How can I import Pandas with Jython

2019-06-19 18:31发布

问题:

I'm new to python, and I've install Jython2.7.0

Java

import org.python.util.PythonInterpreter;
import org.python.core.*; 

public class Main {
    public static void main(String[] args) {
         PythonInterpreter interp = new PythonInterpreter(); 
         interp.execfile("D:/Users/JY/Desktop/test/for_java_test.py");  
         interp.close();
    }
}

Python

import pandas as pd
import ctypes

def main():
    data = pd.read_csv('for_test.csv')
    data_mean = data.a*2
    data_mean.to_csv('catch_test.csv',index=False)
    ctypes.windll.user32.MessageBoxW(0, "Done. Output: a * 2", "Output csv", 0)

if __name__ == '__main__':
    main()

Then I got this error.

Exception in thread "main" Traceback (most recent call last):
File "D:\Users\JYJU\Desktop\test_java\for_java_test.py", line 1, in <module>
    import pandas as pd
ImportError: No module named pandas

How can I fix this if I want to use pandas?

回答1:

You currently cannot use Pandas with Jython, because it depends on CPython specific native extensions. One dependency is NumPy, the other is Cython (which is actually not a native CPython extension, but generates such).

Keep an eye on the JyNI project ("Jython Native Interface"). It enables Jython to use native CPython-extensions and its exact purpose is to solve issues like that encountered by you. However, it is still under heavy development and not yet capable of loading Pandas or NumPy into Jython, but both frameworks are high on the priority list.

(E.g. ctypes is already working to some extend.)

Also, it is currently POSIX only (tested on Linux and OSX).

If you wouldn't require Jython specifically, but just some Java/Pandas interoperation, an already workable solution would be to embed the CPython interpreter. JPY and JEP are projects that provide this. With either of them you should be able to interoperate Java and Pandas (or any other CPython-specific framework).



回答2:

As far as I know pandas is written in cython and is a CPython extension. This means that it's meant to be used by CPython implementation of the Python language (which is the primary implemntation most people use).

Jython is a Python implementation to run Python programs on JVM and is used to provide integration with Java libraries, or Python scripting to Java programs, etc.

Python modules implemented as CPython extensions (like pandas) are not necessarily compatible with all Python implementations (famous implementations other than CPython are Jython, PyPy and IronPython)

If you really have to use Jython and pandas together and you could not find another way to solve the issue, then I suggest using them in different processes.

A Java process is your Jython application running on JVM (either is Java code calling Jython libraries, or a Python code that possibly requires integration with some Java libraries), and another CPython process runs to provide operations required from pandas.

Then use some form of IPC (or tool) to communicate (standard IO, sockets, OS pipes, shared memory, memcache, Redis, etc.).

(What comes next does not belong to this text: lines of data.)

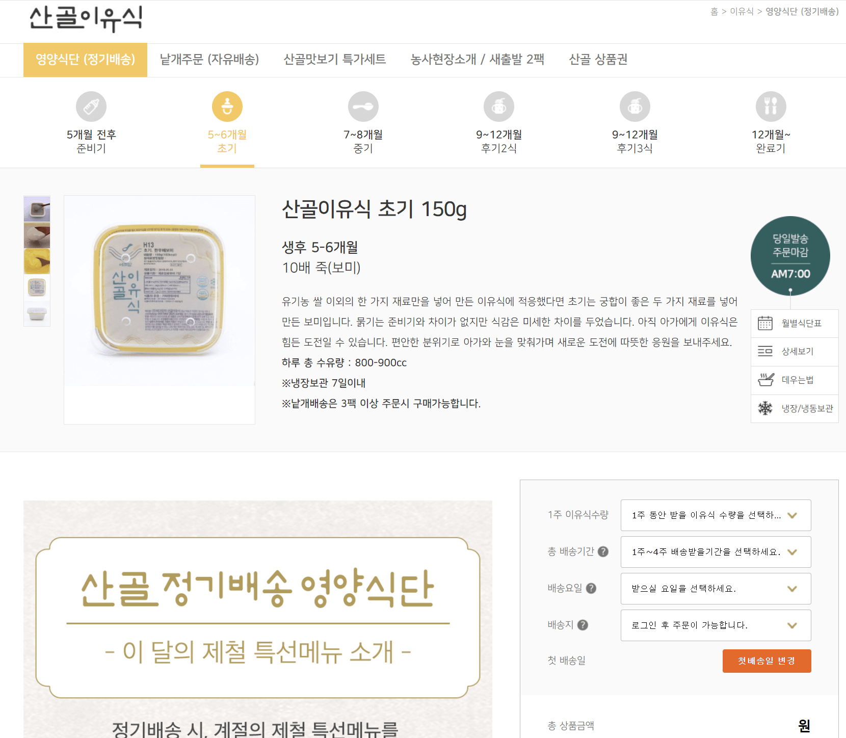 산골 이유식 사이트에 방문하면 이유식 식단을 정기배송 주문할 수도 있고, 낱개로 주문할 수도 있어요.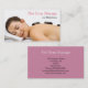 Foto av en härlig ung kvinna som har en hettstenmassage. Visitkortmall för massageterapiföretag.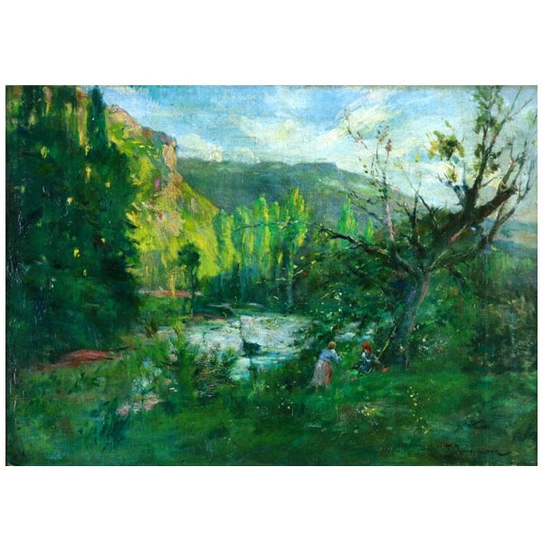 TORRESCASANA I SELLARÉS, Francesc – Barcelona 1845 – 1918 -- Después de cursar sus estudios en la Academia de Bellas Artes de Barcelona, donde fue discípulo de Martí Alsina, sigue ampliando posteriormente sus estudios en Roma y en París. Se dio a conocer en la Exposición Nacional de Bellas Artes de Madrid de 1864 obteniendo una mención honorífica por un paisaje que presentó. Participó seguidamente en las Exposiciones de Bellas Artes de Barcelona de1866 y de 1868 con un total de 26 cuadros incluyendo paisajes del Besós, Sant Miguel del Fay y Montjuich, además de varias marinas .En 1871 viaja a Madrid junto a su compañero el pintor Francisco Miralles, donde figura en el libro registro de copistas del Museo del Prado el 12 de octubre constando como garante su tarjeta de expositor. Participa ese mismo año en la Exposición de Bellas Artes de Barcelona con Dos marinas (estudios del natural) y en 1872 con una marina en la llamada Exposición Permanente. Establecido en su nuevo estudio de la calle del Pino, de Barcelona, en 1876 participa en la Exposición de Bellas Artes de Barcelona con la pintura Recorts y en la galeria Bassols. Muestra sus obras también en la sala Parés en los años 1884, 1887 y 1888 y, en la exposición de acuarelistas del Museo Martorell de 1885 con el cuadro de pescadores . En 1887 realiza una exposición individual en los salones del Círculo del Liceo con notable éxito. Presenta en la Exposición Universal de Barcelona de 1888 un cuadro de grandes dimensiones titulado “Vol d´alba” que posteriormente sería comercializado mediante fotografías por la casa Adouard y enviado a la Exposición Nacional de París. Participa seguidamente en las notables exposiciones de Bellas Artes de Barcelona de los años 1891, 1894 y 1896, pero en la edición de 1898 sufre un cierto revés al ser rechazada una de sus obras, pues su pintura de raices realistas no se acaba de adaptar a las nuevas corrientes de matices grises que propugnan Ramón Casas y Rusiñol. Paralelamente efectúa varios retratos como el retrato del militar Sanchez Lamela (1893) que sería expuesto en los salones del Círculo mercantil y el del folclorista Cels Gomis (1897) en la Sala Parés. En 1898 pinta el cuadro religioso “ La madre de los hijos del Zebedeo a los pies de Jesús” con destino a un santuario de Tierra Santa. Con posterioridad siguió exponiendo en el certamen de Olot de 1900, en la Exposición del Círculo Ecuestre, en la Exposición de Arte de 1907, Salón Rovira en 1909, Exposición de Bruselas de 1910, Exposición de Retratos de 1910, la Exposición Internacional de Arte de 1911 y en el Circulo Artístico en el año 1913. En 1905 era presidente de la junta de gobierno del Montepío de los artistas españoles y en 1910 ejerció de vicepresidente del Círculo Artístico. En sus últimos años, se dedicó al paisaje con una gran calidad lumínica construido a basa de texturas. Se conservan obras suyas en el MACBA de Barcelona, en el Museo de Arte Contemporáneo de Madrid, el de La Abadía de Montserrat y en el Louvre de París, así también podemos contemplar obras suyas en la Casa Vicens de Antonio Gaudi en Barcelona. Tuvo como discípulos al pintor y fotógrafo Pablo Audouard, a Joaquim Renart (1879-1961), Francesc Gimeno, Pau Roig y la pintora de flores Ana Risueño Rodrigo. En 1935 se celebró una exposición homenaje sobre el pintor en las barcelonesas Galerias Syra.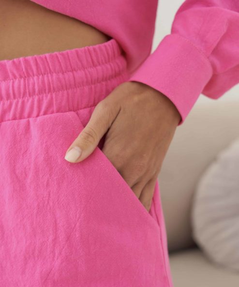 Лёгкие и очень удобные шорты прямого кроя, которые будут актуальны как для будущих, так и для уже состоявшихся мам. Модель изготовлена из приятного к телу хлопкового материала. Шорты имеют среднюю посадку, поясная резинка садится под животик, не стесняет и не передавливает его. В комплект к шортам вы можете приобрести Розовую рубашку Breeze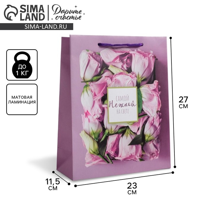 Пакет подарочный ламинированный вертикальный, упаковка, «Самой Нежной на свете», ML 23 х 27 х 11,5 см

The Java process sends a request to CPython (or registers the request to shared storage), providing processing parameters, CPython process uses pandas to calculate results and sends back a serialized form of the results (or puts the results back on the shared storage).

This approach requires extra coding (due to splitting the tasks into separate processes), and to serialize the request/response (which depends on the application and the data it's trying to process).

For example in this sample code on the question, Java process can provide the CSV filename to CPython, CPython processes the CSV file using pandas, generates the result CSV file and returns the name of the new file to Java process.